So for present purposes, I will use a much smaller substitute, which can hardly be accused of any partiality to Standard Arabic: namely, a selection from Said Akl's Roomyo w Julyeet (CORRECTION: introduced by Said Akl), which I was lucky enough to run into at an Oxfam a few years ago. I picked a well-known section of the play whose language seemed relatively simple, with little or no visible Standard Arabic influence - the lines starting from "Romeo, Romeo, wherefore art thou Romeo?" (p. 62), including Romeo's reply and Juliet's reply to him (finishing on the second line of p. 63) - and counted morpheme frequencies (retaining his eccentric orthography). The 26 morphemes that occurred more than once account for about two-thirds of the selection, so looking at their etymologies gives us the maximum of information for the minimum of effort - and here they are. Only those that are unambiguously Arabic or unambiguously Aramaic are relevant to our purpose; the rest may be dismissed as "confounding factors":

  1. w(e) و "and" (11 occurrences): "Confounding". Shared by Arabic and Aramaic in effectively identical form.
  2. b(e)- / m- بـ٬ مـ [marker of the indicative imperfect] (10 occurrences): Innovative. This form is found as such neither in Classical Arabic nor in Aramaic, and its etymology poses some difficulties; if you know of any convincing work on this, let me know in the comments.
  3. -aq ـك "you m. sg. oblique" (9 occurrences): Arabic. Both Aramaic and Arabic have cognates of this, but in Aramaic the consonant has changed to kh, whereas Levantine - like Arabic - has kept the original k.
  4. ¢esm اسم "name" (6 occurrences): Arabic. Both Aramaic and Arabic have cognates of this, but in Aramaic the consonant is sh, whereas in Levantine - as in Arabic - it's s. (There is controversy over which value is original.)

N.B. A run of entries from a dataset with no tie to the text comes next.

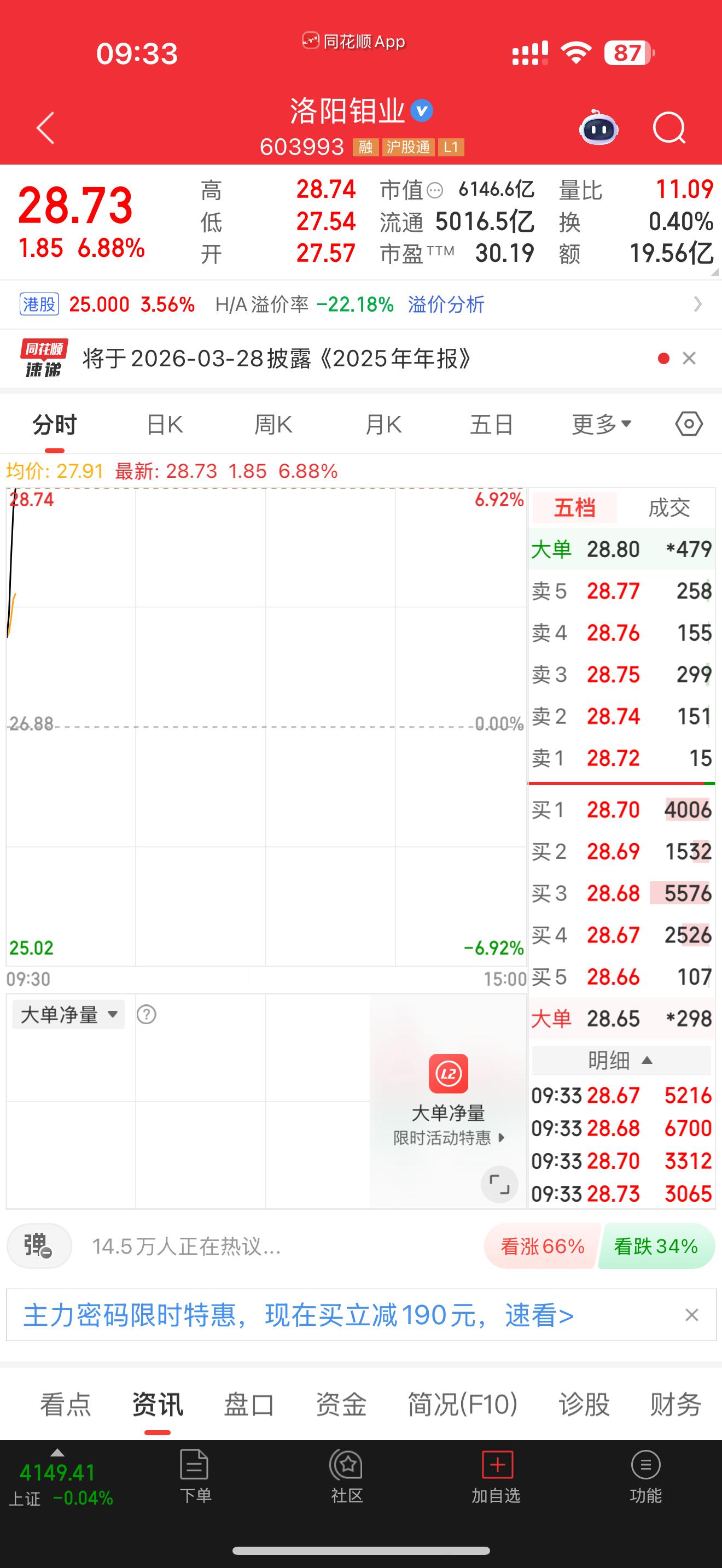 603993洛阳钼业强势起飞,恭喜跟上的朋友一起吃肉
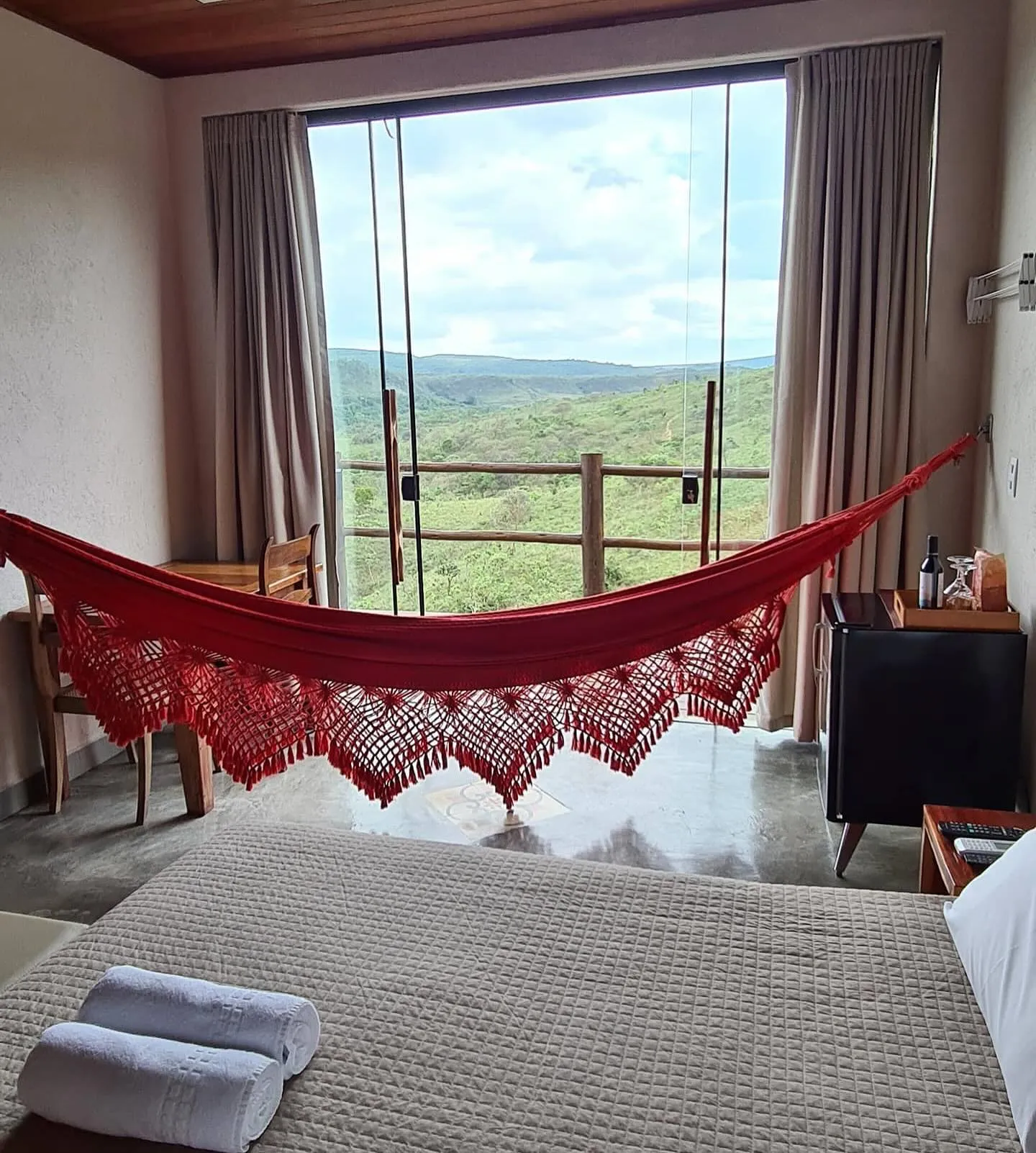Todos os espaços foram projetados para que os hóspedes possam descansar, relaxar e apreciar a bela vista para as montanhas.
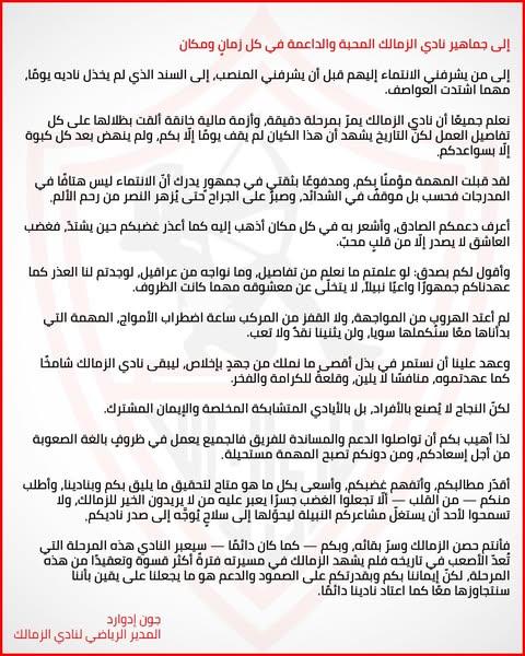 أصدر جون إدوارد المدير الرياضي لنادي الزمالك بيانًا رسميًا لجماهير القلعة البيضاء بعد الهجوم الذي تعرضت له إدارة الكرة.
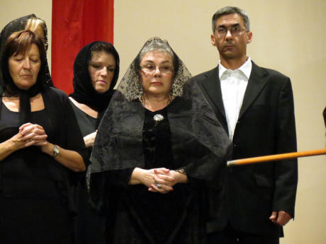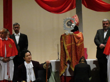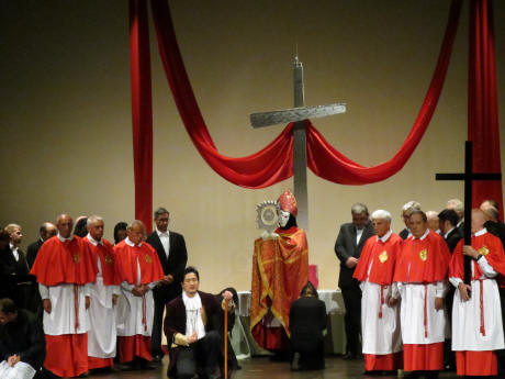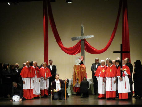 (Tutta la folla è rivolta verso l'altare maggiore;
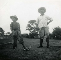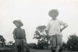 Muestra a un hombre y a un niño no identificados posando de pie y con sombrero en el campo en México.

  5. la "no, not, neither... nor" (5 occurrences): "Confounding". The form is shared identically by Arabic and Aramaic; the usage is actually closer to Arabic (where it negates verbs only in the imperfect and the negative imperative) than to Aramaic (where it negates verbs in all tenses), but we'll score it as shared.
  6. -u / -h / -vowel length (depending on context) ـه "him, his" (5 occurrences): Arabic. Aramaic -eh could explain the h form and the vowel length form, but the -u can be satisfactorily derived only from Arabic -hu.
  7. quun كون "be" (4 occurrences): "Confounding". In reality this is much more likely to be Arabic, since the normal Aramaic root for "be" is hwy, but kwn is attested in this sense in Aramaic too.
  8. men من "from" (4 occurrences): "Confounding". Shared by Arabic and Aramaic in effectively identical form.
  9. ḍall ضل "remain" (4 occurrences): Arabic. There is no Aramaic source for emphatic D.
  10. (e)l الـ
    • "the" (4 occurrences): Arabic. (Aramaic originally used suffixed -aa, which later lost its definite sense.)
    • [relative marker] (3 occurrences): Innovative, but based on extending the functions of the Arabic definite article, and probably on shortening a form similar to Classical Arabic alladhii, which it resembles rather more than the Aramaic relative marker dh-.)
  11. ¢ent انت "you (m. sg.)" (3 occurrences): Arabic. In Aramaic, the n disappeared, assimilated to the following t.
  12. ma ما "not" (3 occurrences): Arabic. In Aramaic, maa is never used as a negator.
  13. law لو "if" (3 occurrences): Arabic. (Aramaic does not generally use this, but where traces of a cognate are found, as in some frozen combinations, it takes the form luu, not law.)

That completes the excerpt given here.